Мама пожала плечами:

– Изображаю из себя кошку.

– Мамочка!!!

– Я её понимаю. Не слова, а то, что она чувствует. Бахшанда человек гордый и никогда в том не признается. Никому, кроме кошки.

– Она про папу всякие гадости говорила!

И вдруг мама меня удивила, дальше некуда.

– Могу представить. Думаешь, я не понимала, кто такой твой отец? Очень хорошо понимала, но всё равно любила. Слабый человек. Ты сильная. Не в него и не в меня пошла. А он… Может, если б не любила его, сказала бы – ничтожный человек. Но руки у него были… знаешь, руки у него были как из рая… будь он проклят, этот Умар! Когда мы начали встречаться, я не знала, что у него есть семья. А потом… я уже ждала вас с Андрюшей. Тут-то всё и открылось. «Извини, Вера-джон, мы не можем в ЗАГС пойти…» Я его выгнала. Но ты помнишь отца – кого угодно уговорит. «А-а-а, Вера-джон, ты меня совсем не жалеешь. Я такой несчастный. Меня родители без моего согласия женили, нашли уродину, глупую, ведьму…»

– И правильно! Она и есть ведьма! Злая ведьма.

– Нет, доченька, несчастная женщина.

– Мама! Ты говоришь, будто в чём-то перед ней виновата.

– Не знаю. Может быть, да, а может, нет… Я давно перестала об этом думать. Представь, каково быть молодой русской женщиной в таком посёлке, как Ватан. Проходу нет. Каждому кажется, что… Всякий к тебе вяжется, всякому…

– Знаю, мамочка: «русский блядь-учительница…»

– О господи, Зарина, что за выражения! Где ты этого набралась?

Я фыркнула. Где набралась? Можно подумать, мы жили в сказочном царстве среди фей.

– Твой отец от всего этого меня ограждал. Все знали, что я его жена. А его уважали…
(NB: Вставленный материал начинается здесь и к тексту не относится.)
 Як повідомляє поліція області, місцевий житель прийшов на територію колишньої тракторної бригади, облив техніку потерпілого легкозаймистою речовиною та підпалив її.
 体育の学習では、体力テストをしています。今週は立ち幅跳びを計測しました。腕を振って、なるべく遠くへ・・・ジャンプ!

Я ушам не верила. Закричала:

– А она-то, она?! Ты знаешь, что она говорила? Она сказала, что наш папа её содержал, она единственно поэтому его не бросала. Значит, она папу просто использовала. А он тебя использовал. А теперь оказывается, что и ты…
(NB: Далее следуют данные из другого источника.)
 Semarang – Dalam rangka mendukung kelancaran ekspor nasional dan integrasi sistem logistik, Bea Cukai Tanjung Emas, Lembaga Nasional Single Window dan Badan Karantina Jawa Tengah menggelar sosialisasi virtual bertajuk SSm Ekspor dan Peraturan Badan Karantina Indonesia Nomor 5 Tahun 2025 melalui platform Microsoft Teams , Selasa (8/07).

– Зарина, не всё так просто, как тебе кажется.

– Очень просто! Выходит, никто из вас не любил по-настоящему.

Я отвернулась и сделала вид, что заснула. А сама думала. Я только что поняла, что ничего толком не знаю про маму. И оказывается, мы ничего не знали о папе. Привыкли, что в общем-то мало про него знаем, наверное, даже не пытались. А теперь поздно, уже никогда не узнаем…

Теперь я и Бахшанду новыми глазами увидела. Но скорее бы она уж вышла замуж!